In the last few years, research in microbial genetics has changed fundamentally, from an approach involving the characterization of individual genes to a global analysis of microbial genomes. The availability of complete genome sequences has enabled the development of high-throughput nucleic acid hybridization technologies including macro- and microarrays. Microarrays have the capacity to monitor the genome content of bacterial strains or species very rapidly. Although whole-genome sequencing is definitely a powerful method for genetics, it is still expensive and time consuming. As an alternative, comparative genomic hybridization (CGH) experiments based on microarrays have been used to facilitate comparisons of unsequenced bacterial genomes. Array-based CGH using genome-wide DNA microarrays is used commonly to determine the genomic content of bacterial strains [13, 14], but also for inter-species comparisons [1416]. In this case, microarrays of closely related microorganisms that have been fully sequenced must be available. The primary advantage of this microarray approach is that it allows the identification of a large number of genes that are potentially present in an organism without the need for sequencing genomes. The disadvantage of this approach is that it indicates only the genes that are common between the fully sequenced relative and the strain of interest; genes unique to the strain of interest remain unknown [15, 17]. In the present work the genetic content of L. garvieae CECT 4531 was studied by a combination of in silico analysis and in vitro microarray CGH experiments, using open reading frame (ORF) microarrays of two bacteria closely related to L. garvieae, namely Lactococcus lactis subsp. lactis IL1403 and Streptococcus pneumoniae TIGR4 [18, 19].

Methods

Bacterial strains, culture conditions and isolation of genomic DNA

Lactococcus lactis subsp. lactis IL1403 (kindly provided by M.P. Gaya, INIA, Madrid, Spain) and Streptococcus pneumoniae TIGR4 (purchased form the American Type Culture Collection) were used as the reference sequenced microorganisms.
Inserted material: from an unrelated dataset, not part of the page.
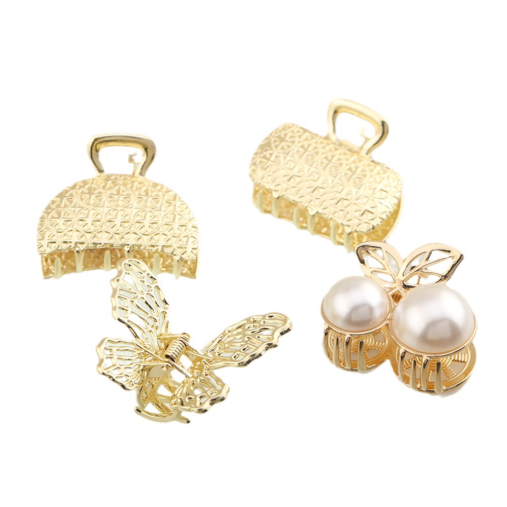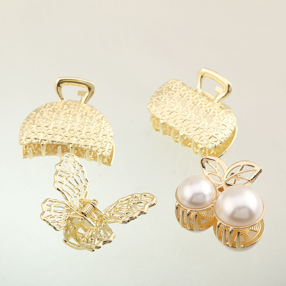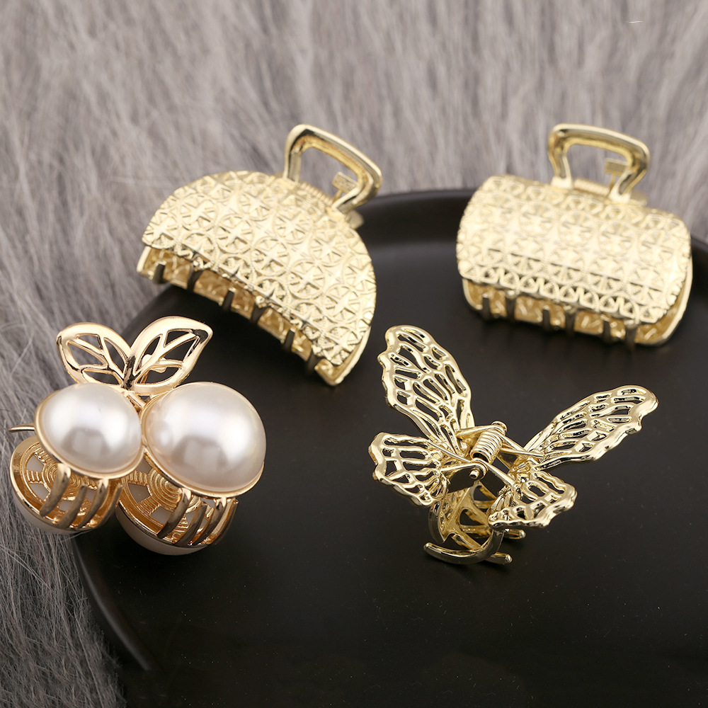 珍珠樱桃发夹侧边可爱后脑勺半扎发儿童小号蝴蝶迷你抓夹头饰

The test strain of Lactococcus garvieae used for the experiments was CECT 4531 (purchased from the Spanish Type Culture Collection). The L. lactis subsp. lactis IL1403 and L. garvieae CECT 4531 were grown statically at 28°C in BHI broth (bioMérieux, Marcy l'Etoile, France). The S. pneumoniae TIGR4 was grown statically at 37°C in Todd Hewitt broth (Oxoid, Basingstoke, Hampshire, England). Cells were grown until the late-exponential phase of growth (OD600~1.5-2) and harvested for isolation and purification of genomic DNA using the DNeasy Blood and Tissue kit (Qiagen, Hilden, Germany) according to the manufacturer's specifications. The DNA concentrations were determined spectrophotometrically.

DNA labelling

Aliquots (1-2 μg) of genomic DNA from the three strains were labelled fluorescently with Cy3-dUTP or Cy5-dUTP (Perkin-Elmer, Foster City, CA, USA), depending on whether the strain was used as a test or reference microorganism in the CGH experiments, respectively. Each DNA aliquot was fragmented by sonication to obtain fragments from 400 to 1000 bp. Fragmented DNA was mixed with 5 μL 10× NEBlot labelling buffer containing random sequence octamer oligonucleotides (New England Biolabs, Ipswich, MA, USA) and water to a final volume of 43.5 μL. This mixture was denatured by heating at 95°C for 5 min and then cooled for 5 min at 4°C. After this denaturing step, the remaining components of the labelling reaction were added: 5 μL of 10 × dNTP labelling mix (1.2 mM each dATP, dGTP and dCTP in 10 mM Tris pH 8.0, 1 mM EDTA) (New England Biolabs, Ipswich, MA, USA), 1.5 μL of 1 mM Cy3-dUTP or Cy5-dUTP and 1.5 μL of 10 U/μL Klenow fragment (Fermentas Life Sciences, Glen Burnie, MD, USA). The labelling reactions were incubated overnight at 37°C and then stopped by adding 2.5 μL of 0.5 M EDTA. Labelled DNA was purified from unincorporated label using a Qiaquick PCR Cleanup kit (Qiagen, Hilden, Germany) and dried under vacuum. The final DNA concentration and quality, as well as the labelling quality, were determined using a NanoDrop (NanoDrop Techonologies, Wilmington, DE, USA).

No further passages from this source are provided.